Write every entry out again exactly, please, and skip the pictures.

= Beginning of Section =

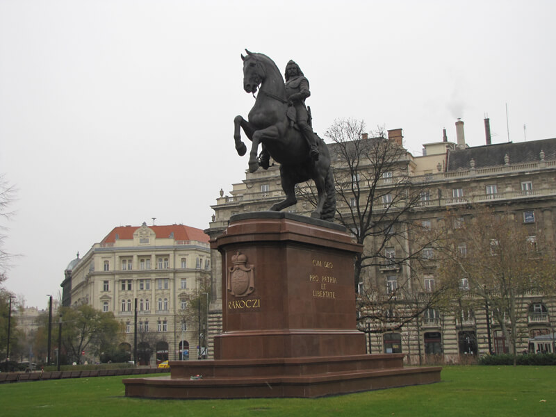 Први од њих је споменик Ференцу II Ракоцију кога Мађари сматрају својим националним херојем, јер је био вођа устанка против Хабсбурговаца. Налази се испред зграде парламента.
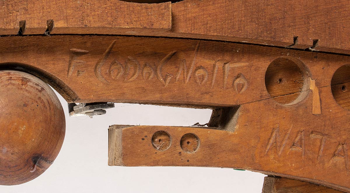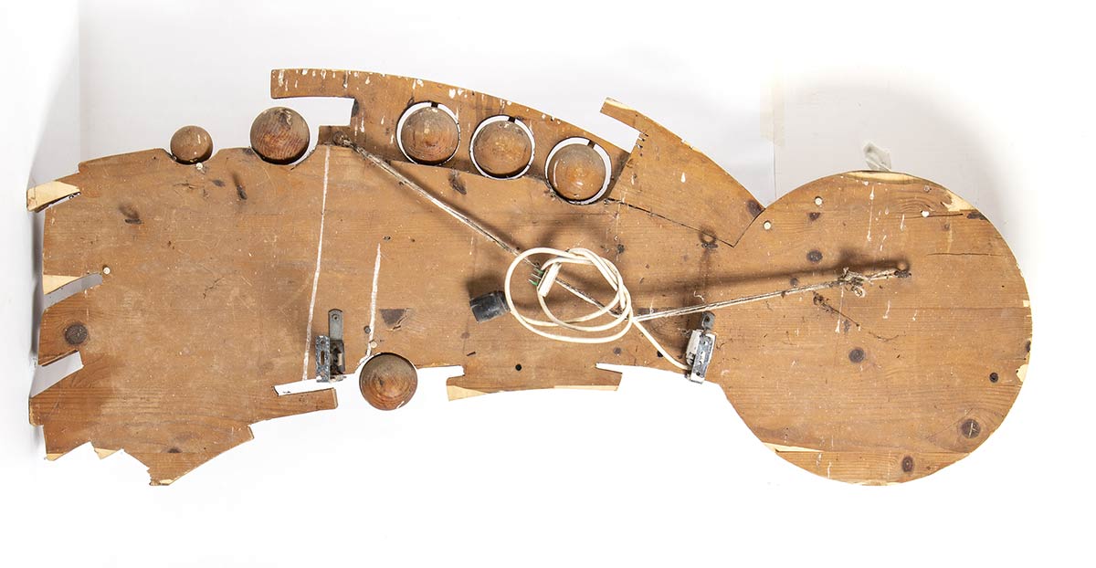 Buone condizioni, qualche rottura sul legno e leggere mancanze. Al retro è presente un meccanismo elettrico e due luci (meccanismo non funzionante)
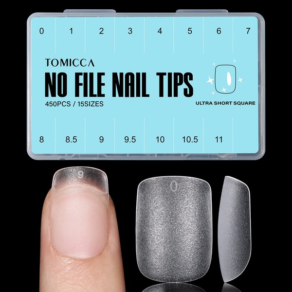 TOMICCA Extra Short Square Nail Tips, 15 Sizes Soft Double-sided Matte Fake Nails for Extensions, 450Pcs Acrylic Pre Shaped Gel Nail Tips for Home DIY Art Women Girls
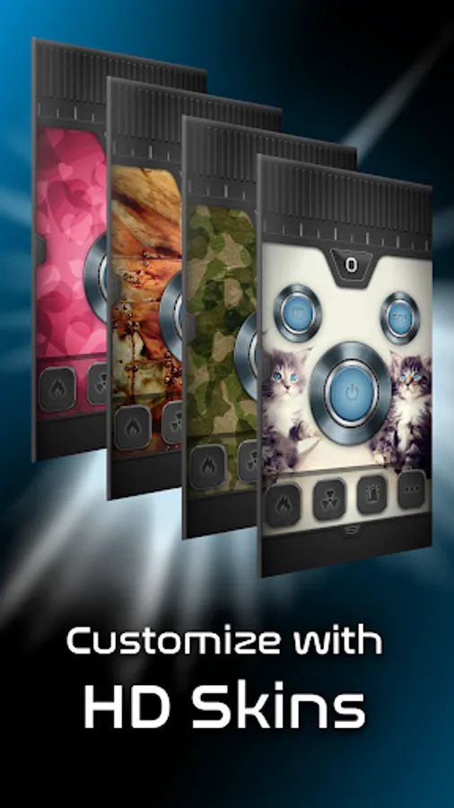 - Customization through Skins: create a unique flashlight with the free skins that permits you to change the flashlight's design: Camouflage, Black flashlight, Green fluorescent, Junior
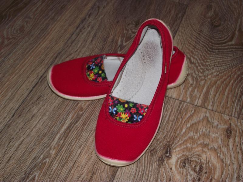 Очень классные мокасины-тапочки. 32 размер. По стельке 20 см. Стелька кожа с супинатором - вынимается. Стельки постираны, просто из-за того, что кожа - не белоснежные( Можно заменить без проблем. И подошва (боковушки) немного подкрасились в красный цвет от ткани. На фото видно. Сами мокасины в очень хорошем состоянии - носили мало. Мокасины легко стираются в машинке - быстро сохнут. Очень удобные и легкие. Цветная вставка - резинка - для удобства одевания. Для двора бегать - будут то, что нужно! На ножке супер!

= End of Section =

### RESPONSE BELOW
 Први од њих је споменик Ференцу II Ракоцију кога Мађари сматрају својим националним херојем, јер је био вођа устанка против Хабсбурговаца. Налази се испред зграде парламента.
 Buone condizioni, qualche rottura sul legno e leggere mancanze. Al retro è presente un meccanismo elettrico e due luci (meccanismo non funzionante)
 TOMICCA Extra Short Square Nail Tips, 15 Sizes Soft Double-sided Matte Fake Nails for Extensions, 450Pcs Acrylic Pre Shaped Gel Nail Tips for Home DIY Art Women Girls
 - Customization through Skins: create a unique flashlight with the free skins that permits you to change the flashlight's design: Camouflage, Black flashlight, Green fluorescent, Junior
 Очень классные мокасины-тапочки. 32 размер. По стельке 20 см. Стелька кожа с супинатором - вынимается. Стельки постираны, просто из-за того, что кожа - не белоснежные( Можно заменить без проблем. И подошва (боковушки) немного подкрасились в красный цвет от ткани. На фото видно. Сами мокасины в очень хорошем состоянии - носили мало. Мокасины легко стираются в машинке - быстро сохнут. Очень удобные и легкие. Цветная вставка - резинка - для удобства одевания. Для двора бегать - будут то, что нужно! На ножке супер!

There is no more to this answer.